Why does it always have to be such a battle?
by Peter Walsh
Chief Executive of AvMA
September 2015
Why AvMA had to threaten a judicial review to correct serious flaws in the Duty of Candour
We might have been excused for cracking open a bottle of champagne or two to celebrate when it was first announced that there was finally to be a statutory Duty of Candour in England. Every government and every Secretary of State had refused to give serious consideration to introducing such a duty over the 24 years since the heroic efforts and sacrifices of the Powell family had graphically illustrated the need following the alleged cover-up of the circumstances of their son Robbie’s death. (Hence the name of our campaign – “Robbie’s law”). Even recommendations from the Health Select Committee in 1999 and the chief medical officer Sir Liam Donaldson in 2003 failed to convince them to take action. They preferred to frown on cover-ups but continue in effect to tolerate them. Jeremy Hunt’s eventual conversion as a result of AvMA’s campaign, bolstered by Sir Robert Francis’s recommendation from the Mid Staffordshire inquiry, which we worked so hard to get, was an historic breakthrough.
However, before this the Government had tried to palm us off with a so-called ‘contractual duty of candour’ – a standard clause in contracts with NHS trusts. Even when the statutory duty was accepted, there was an attempt to restrict it only to cases of death or permanent severe disability. We had to persuade Sir Norman Williams and David Dalton as well as Jeremy Hunt that any significant harm had to be covered, which to their credit they fully accepted. Then we had to persuade the Department of Health that the definition of the threshold for the Duty of Candour used in the CQC regulations had to include incidents that “could lead to” significant harm – not just be restricted to cases where the harm was already clearly evident. They eventually agreed and this was included in the definition applying to NHS bodies (trusts and health authorities) which came into force in November 2014.
However, to our horror, when the draft regulations for primary care and private healthcare were published the Department of Health had created a significantly different definition of a ‘notifiable safety incident’ to apply to NHS primary care and private healthcare providers – something there had been no consultation at all about. Whether due to ‘cock-up’ or ‘conspiracy’ this means that with effect from 1st April 2015 NHS primary care providers and private healthcare providers are not legally obliged to tell patients about incidents which could lead to significant harm, whereas NHS trusts are!
We tried very hard to persuade ministers not to go ahead with this two tier approach, pointing out it is a recipe for chaos and confusion as well as unfair to patients and inconsistent with the NHS Constitution.

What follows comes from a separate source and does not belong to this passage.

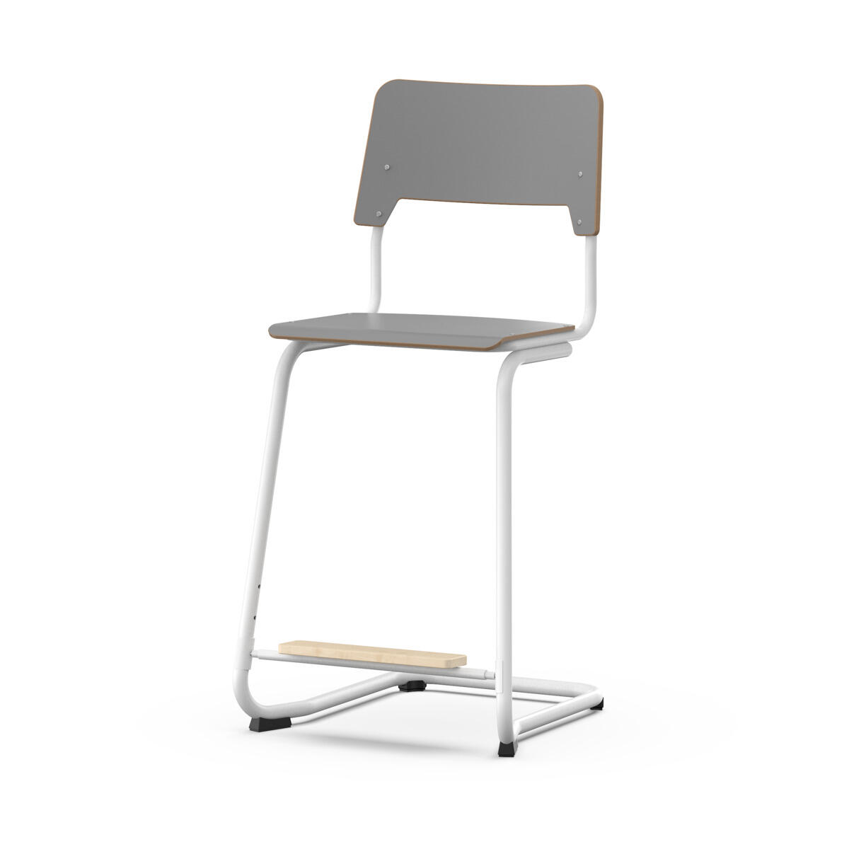 Sæde og ryg er fremstillet af krydsfiner med en overflade af højtrykslaminat. Sædet er formet, hvilket gør det behageligt at sidde på. Stellet er lakeret i sølv, RAL 9006. Fødderne har filt. Stolen opfylder kravene i henhold til EN 1729-1 & 2. En afstand mellem ryggen og stativ muliggør ophængning af stolen ved hjælp af ryggen. For at forhindre skader på bordet under ophængning er der monteret glidebeskyttere på ryggen. Afstanden gør det også muligt at bruge stativet som en praktisk taskeskrog. Justerbart fodstøtte i tre faste positioner (26, 31 og 36 cm fra sædet).

However they pressed ahead. Only after we had served the Secretary of State with a letter before action threatening a judicial review did we succeed in securing a commitment to consult on creating one consistent definition of the Duty of Candour – the one which currently applies to NHS bodies – applying across sectors. Thankfully this will now happen and hopefully the situation will be put right by early 2016. But it really shouldn’t be such a struggle to get the right attention to detail over something so fundamentally important as the Duty of Candour!